Summary: clEnqueueNDRangeKernel global_work_offset ignored

Status:	RESOLVED FIXED

Alias:	None

Product:	Mesa
Classification:	Unclassified
Component:	Other (show other bugs)
Version:	10.3
Hardware:	x86 (IA32) Linux (All)

Importance:	medium normal
Assignee:	mesa-dev
QA Contact:

URL:
Whiteboard:
Keywords:

Depends on:
Blocks:

Reported:	2014-11-16 00:22 UTC by Luke-Jr
Modified:	2016-07-22 21:49 UTC (History)
CC List:	3 users (show)

See Also:
i915 platform:
i915 features:

Attachments
LLVM AMDGPU get_global_offset() patch (3.07 KB, patch) 2015-03-16 07:42 UTC, Ronie Salgado	Details \| Splinter Review
libclc get_global_offset() and get_global_id() patch (3.18 KB, patch) 2015-03-16 07:42 UTC, Ronie Salgado	Details \| Splinter Review
LLVM intrinsics patch (21.42 KB, patch) 2015-03-17 04:47 UTC, Ronie Salgado	Details \| Splinter Review
Updated libclc patch (10.45 KB, patch) 2015-03-17 04:50 UTC, Ronie Salgado	Details \| Splinter Review
Clang patch (4.86 KB, patch) 2015-03-17 04:51 UTC, Ronie Salgado	Details \| Splinter Review
LLVM intrinsics patch (v2) (22.56 KB, patch) 2015-03-17 04:58 UTC, Ronie Salgado	Details \| Splinter Review
Radeon patch for the other patches (740 bytes, patch) 2015-03-17 05:22 UTC, Ronie Salgado	Details \| Splinter Review
attachment-29014-0.html (1.50 KB, text/html) 2015-12-14 22:46 UTC, Ronie Salgado	Details
attachment-7779-0.html (2.10 KB, text/html) 2015-12-14 23:23 UTC, Ronie Salgado	Details
Show Obsolete (3) View All

Description Luke-Jr 2014-11-16 00:22:46 UTC

"global_work_offset can be used to specify an array of work_dim unsigned values that describe the offset used to calculate the global ID of a work-item.
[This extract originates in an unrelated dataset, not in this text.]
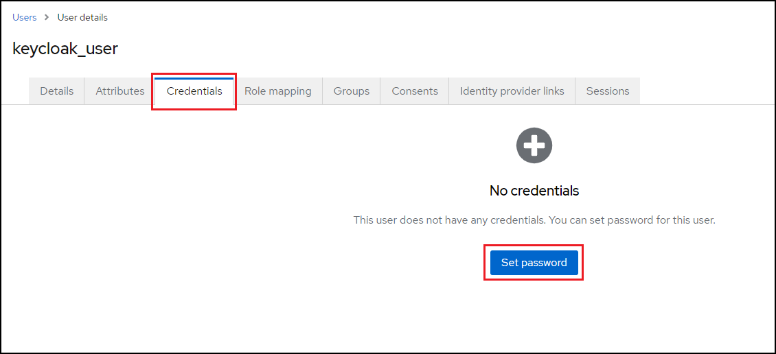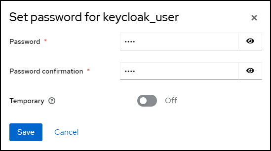 Credentials - Set password를 클릭해 유저의 패스워드를 설정하고 저장합니다. Temporary 옵션을 활성화할 경우 유저가 최초로 로그인했을 때 패스워드 변경을 강제할 수 있습니다.

If global_work_offset is NULL, the global IDs start at offset (0, 0, ... 0)."
From: https://www.khronos.org/registry/cl/sdk/1.1/docs/man/xhtml/clEnqueueNDRangeKernel.html

However, Mesa passes this into clover/core/kernel.cpp kernel::launch, which then simply ignores it entirely.

Note that OpenCL 1.0 required global_work_offset to be NULL, but Mesa claims OpenCL 1.1, and if it was only OpenCL 1.0 it would still need to fail if global_work_offset was non-NULL.

As a result of this bug, software tries to use global_work_offset and ends up with kernels executing with the wrong values for get_global_id(0)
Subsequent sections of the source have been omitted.